■ Dataset excerpts ■

--*--

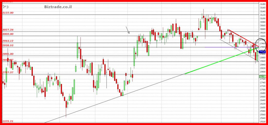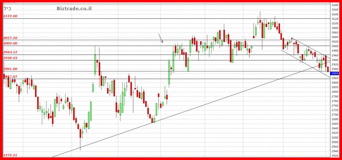 המחיר שבר אתמול את התמיכה ב 2860 , ושבירת הקו של התעלה היורדת יוכל להביא ל 2790.
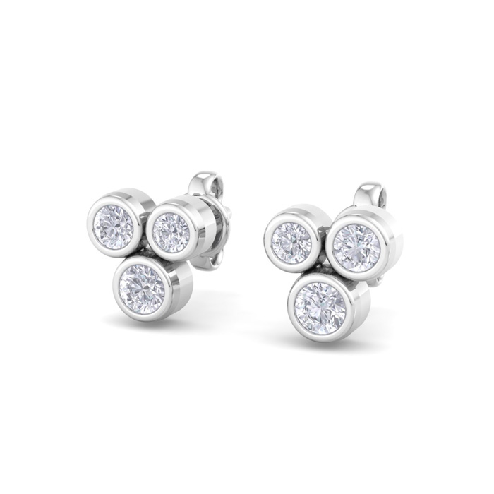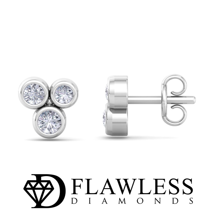 D Flawless Diamonds™ 1/5 Carat Diamond Bezel Set Three Stone Stud Earrings
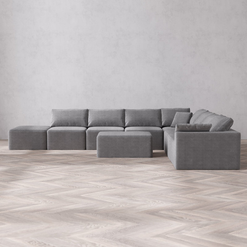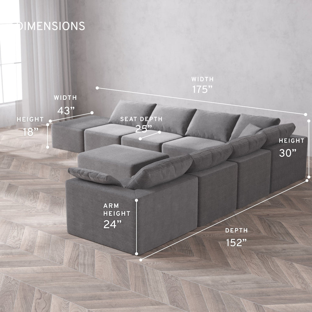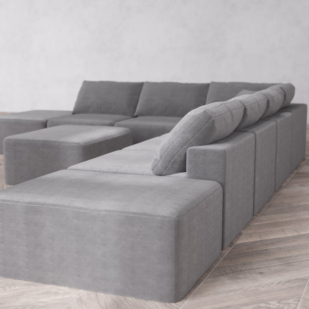 Modular Washable 8-Seater Open End Corner Sectional + Chaise Ottoman Cloud Sofa | Right-Facing Arm | Lux Weave in Slate
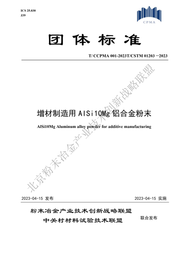 近日,通过资料提交、现场答辩及专家评审,由有研增材技术有限公司牵头,联合增材制造产业链上下游其他五家单位共同制定的团体标准《增材制造用AlSi10Mg铝合金粉末》(标准号:T/ CCPMA 001-2023T/CSTM 01203—2023)荣获2024年度中关村材料试验技术联盟标准创新贡献奖一等奖。
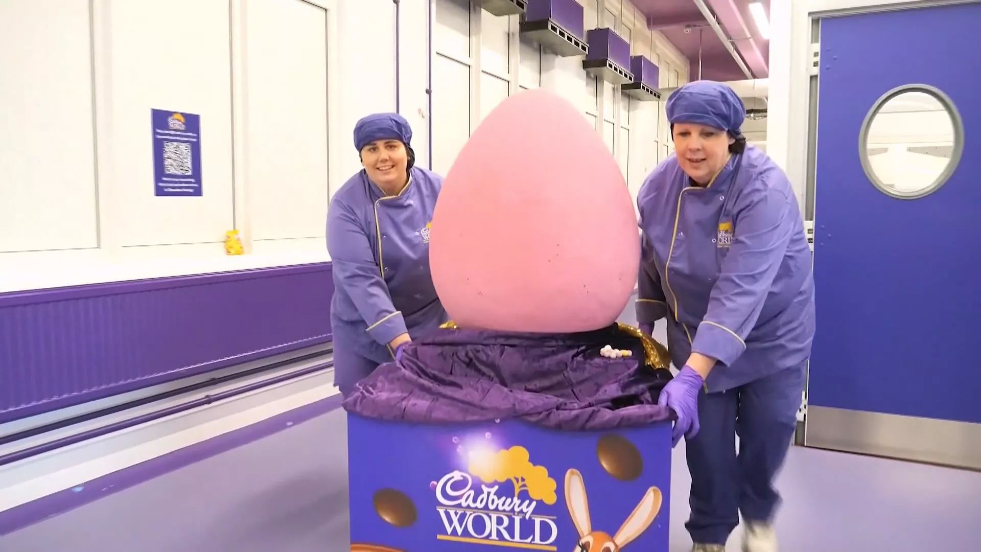 而在英國,巧克力品牌吉百利在復活節前夕,推出了重達55公斤的巧克力蛋,製作的構想來自一款在復活節才會推出的迷你巧克力蛋。
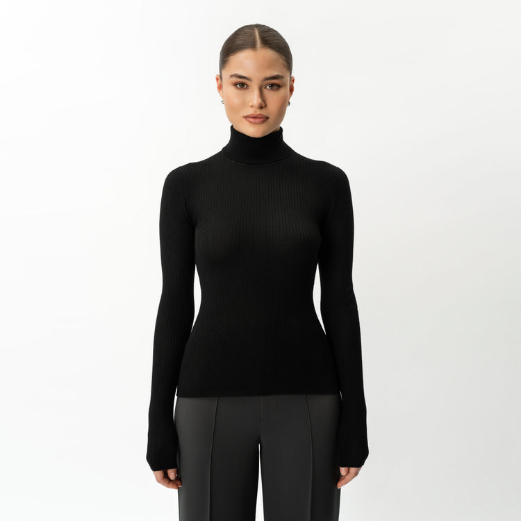 Merino Wool Ribbed Turtleneck

--*--

■ Exercise directions ■
Output exactly the lines from the line containing "而在英國,巧克力品牌吉百利在" through the last line of the records, both included, and leave out every picture.

■ Answer space ■
 而在英國,巧克力品牌吉百利在復活節前夕,推出了重達55公斤的巧克力蛋,製作的構想來自一款在復活節才會推出的迷你巧克力蛋。
 Merino Wool Ribbed Turtleneck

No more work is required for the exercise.